■ Goal of the exercise ■
Within the entries below, find the portion that opens with the line containing "B.Bファニシング 昇降サイドテーブル TaB" and closes with the line containing "湖南省长沙市雅礼中学2024届高三下学期月考(八)语文+答案". Retype that portion exactly and only.

■ Provided information ■
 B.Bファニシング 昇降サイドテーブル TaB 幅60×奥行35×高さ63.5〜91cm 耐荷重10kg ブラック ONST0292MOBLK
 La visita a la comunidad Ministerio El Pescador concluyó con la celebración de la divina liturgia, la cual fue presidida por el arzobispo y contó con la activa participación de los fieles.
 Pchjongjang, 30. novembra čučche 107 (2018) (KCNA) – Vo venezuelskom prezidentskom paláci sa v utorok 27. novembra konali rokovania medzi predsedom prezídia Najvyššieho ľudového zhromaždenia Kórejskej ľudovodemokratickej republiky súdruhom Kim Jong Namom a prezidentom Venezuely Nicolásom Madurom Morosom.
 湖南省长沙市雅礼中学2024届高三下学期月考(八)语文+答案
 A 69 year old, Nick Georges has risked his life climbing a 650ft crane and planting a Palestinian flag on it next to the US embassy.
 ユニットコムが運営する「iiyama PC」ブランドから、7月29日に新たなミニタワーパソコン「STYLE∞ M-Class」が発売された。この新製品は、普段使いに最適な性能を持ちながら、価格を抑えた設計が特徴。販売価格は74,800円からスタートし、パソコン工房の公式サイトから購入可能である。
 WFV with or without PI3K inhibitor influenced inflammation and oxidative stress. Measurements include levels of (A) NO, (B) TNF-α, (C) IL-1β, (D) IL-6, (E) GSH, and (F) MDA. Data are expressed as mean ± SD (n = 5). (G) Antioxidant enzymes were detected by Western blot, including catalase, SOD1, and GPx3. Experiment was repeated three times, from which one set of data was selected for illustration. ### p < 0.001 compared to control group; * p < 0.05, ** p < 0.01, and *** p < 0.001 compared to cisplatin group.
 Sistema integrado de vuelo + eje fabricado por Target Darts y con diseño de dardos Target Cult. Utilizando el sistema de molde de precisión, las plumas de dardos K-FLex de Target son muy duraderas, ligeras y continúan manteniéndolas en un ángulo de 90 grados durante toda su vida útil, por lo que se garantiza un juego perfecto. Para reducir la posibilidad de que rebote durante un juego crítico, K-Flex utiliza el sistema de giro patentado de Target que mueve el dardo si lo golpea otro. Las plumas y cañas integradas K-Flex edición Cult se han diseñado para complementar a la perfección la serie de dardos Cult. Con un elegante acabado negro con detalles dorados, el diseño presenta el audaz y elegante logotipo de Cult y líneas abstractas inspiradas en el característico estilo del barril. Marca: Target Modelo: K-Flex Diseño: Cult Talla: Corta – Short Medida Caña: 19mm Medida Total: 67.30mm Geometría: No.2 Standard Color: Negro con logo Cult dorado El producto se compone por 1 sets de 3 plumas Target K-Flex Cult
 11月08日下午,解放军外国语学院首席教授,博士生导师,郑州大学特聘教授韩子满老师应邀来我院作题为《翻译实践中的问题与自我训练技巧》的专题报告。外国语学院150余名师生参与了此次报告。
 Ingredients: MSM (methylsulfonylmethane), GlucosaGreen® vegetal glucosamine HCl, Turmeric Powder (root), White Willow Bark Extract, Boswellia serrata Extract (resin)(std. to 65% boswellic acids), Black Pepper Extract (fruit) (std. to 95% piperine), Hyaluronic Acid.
==
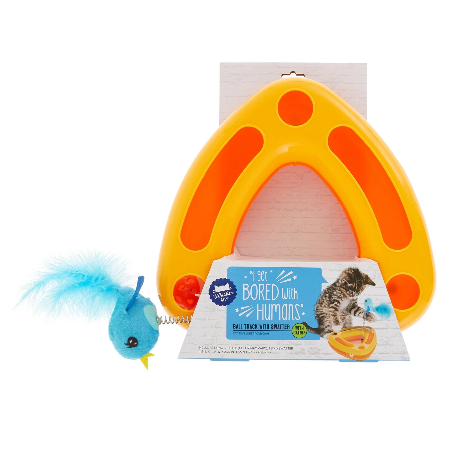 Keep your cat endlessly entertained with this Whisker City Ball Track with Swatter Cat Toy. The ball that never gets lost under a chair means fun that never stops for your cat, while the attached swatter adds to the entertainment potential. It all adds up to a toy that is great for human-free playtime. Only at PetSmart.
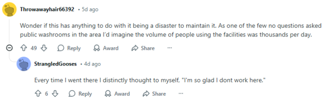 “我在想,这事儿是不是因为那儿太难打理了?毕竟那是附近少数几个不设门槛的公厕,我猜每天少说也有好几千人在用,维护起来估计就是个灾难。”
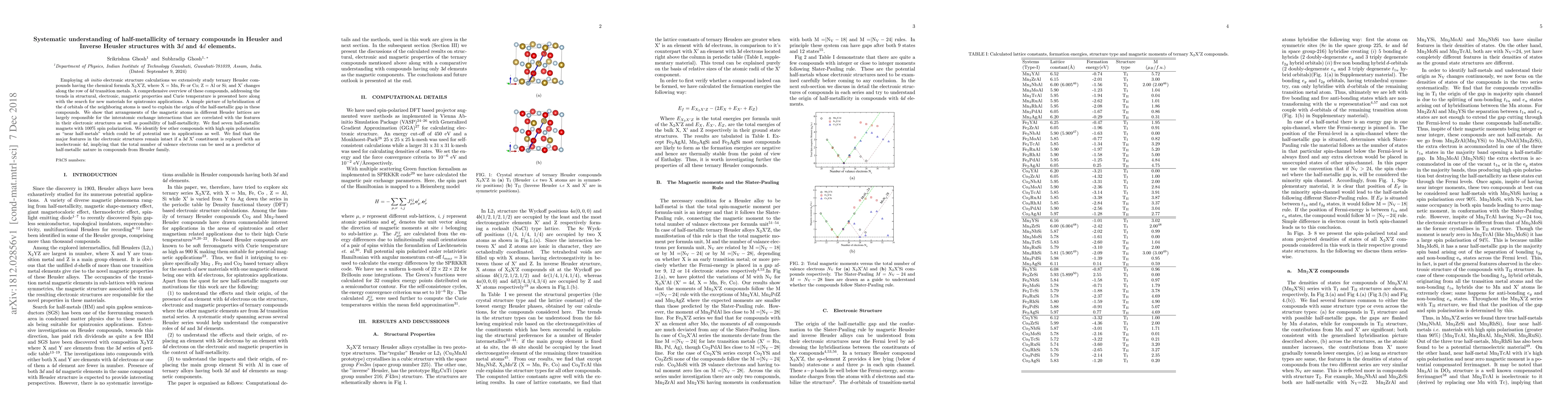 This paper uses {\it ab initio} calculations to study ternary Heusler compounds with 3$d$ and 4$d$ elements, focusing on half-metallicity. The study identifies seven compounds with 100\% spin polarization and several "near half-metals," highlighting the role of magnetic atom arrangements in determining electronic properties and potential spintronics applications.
==
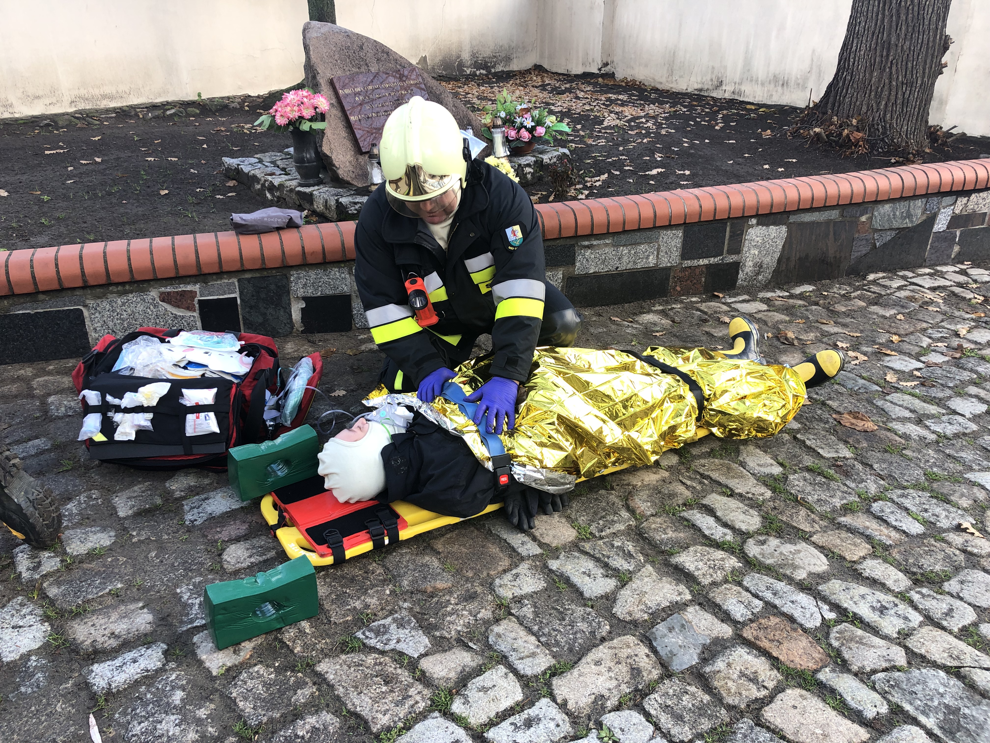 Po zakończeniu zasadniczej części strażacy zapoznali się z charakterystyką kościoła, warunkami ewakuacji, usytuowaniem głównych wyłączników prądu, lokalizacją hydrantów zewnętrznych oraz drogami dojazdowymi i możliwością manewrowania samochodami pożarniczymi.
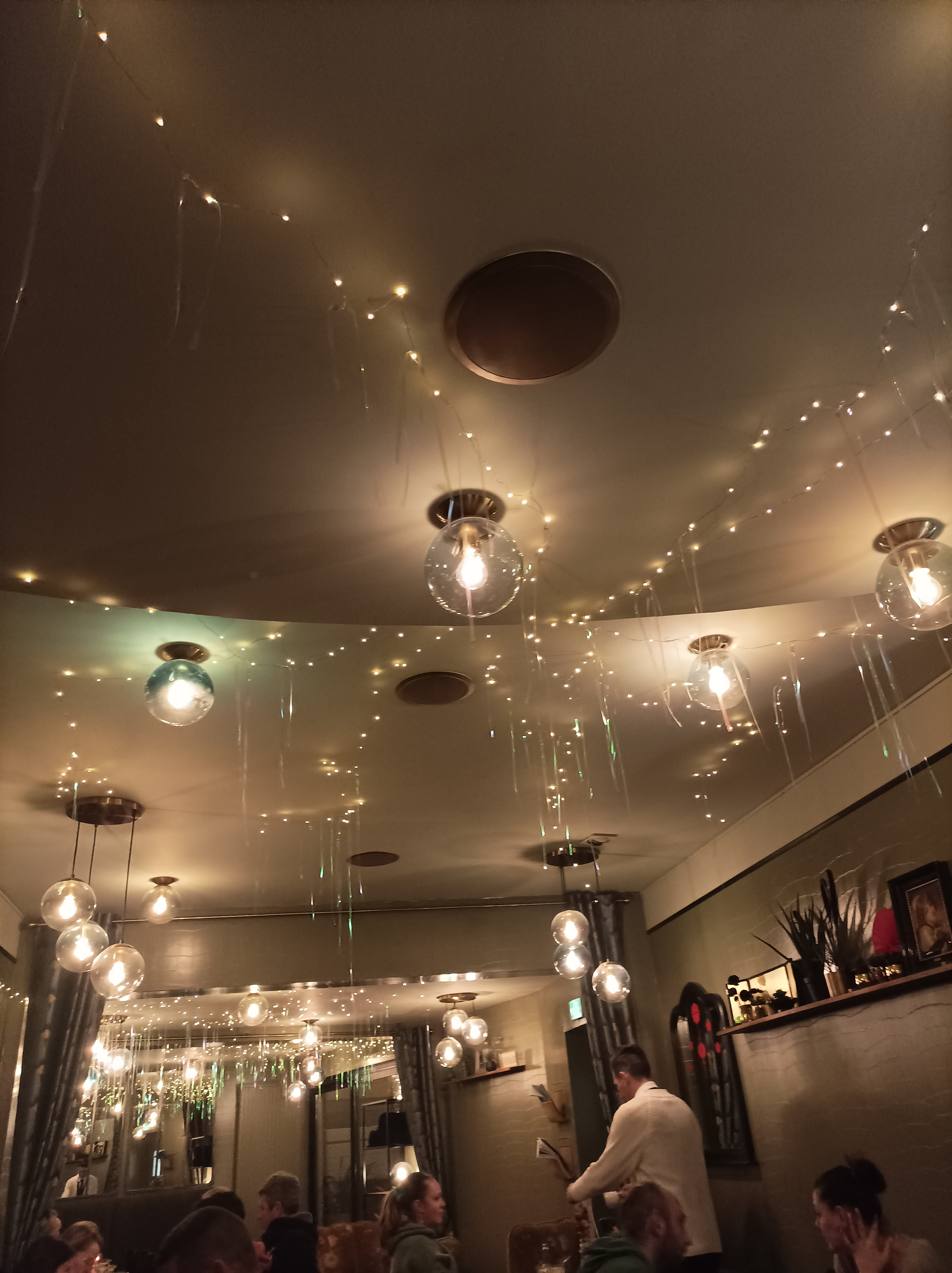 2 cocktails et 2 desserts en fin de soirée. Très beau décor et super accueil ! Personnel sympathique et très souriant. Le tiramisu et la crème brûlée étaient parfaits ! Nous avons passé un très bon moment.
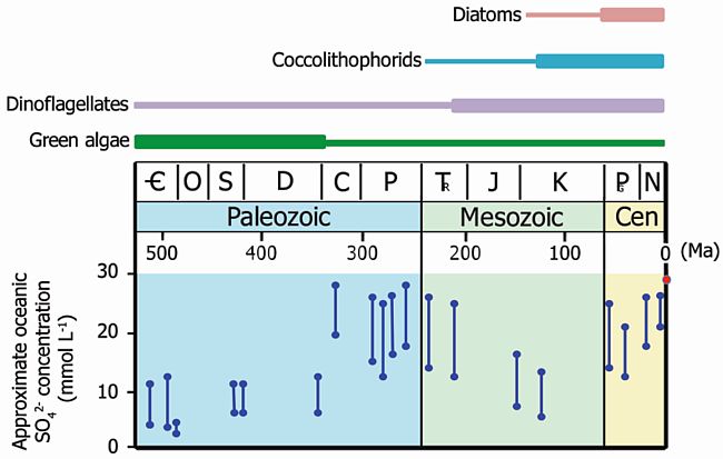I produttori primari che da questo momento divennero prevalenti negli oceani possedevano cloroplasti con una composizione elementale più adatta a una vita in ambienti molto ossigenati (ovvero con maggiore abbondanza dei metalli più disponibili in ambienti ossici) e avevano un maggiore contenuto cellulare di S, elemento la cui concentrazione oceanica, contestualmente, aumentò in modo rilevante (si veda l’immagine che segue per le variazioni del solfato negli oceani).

■ Task answer ■
 B.Bファニシング 昇降サイドテーブル TaB 幅60×奥行35×高さ63.5〜91cm 耐荷重10kg ブラック ONST0292MOBLK
 La visita a la comunidad Ministerio El Pescador concluyó con la celebración de la divina liturgia, la cual fue presidida por el arzobispo y contó con la activa participación de los fieles.
 Pchjongjang, 30. novembra čučche 107 (2018) (KCNA) – Vo venezuelskom prezidentskom paláci sa v utorok 27. novembra konali rokovania medzi predsedom prezídia Najvyššieho ľudového zhromaždenia Kórejskej ľudovodemokratickej republiky súdruhom Kim Jong Namom a prezidentom Venezuely Nicolásom Madurom Morosom.
 湖南省长沙市雅礼中学2024届高三下学期月考(八)语文+答案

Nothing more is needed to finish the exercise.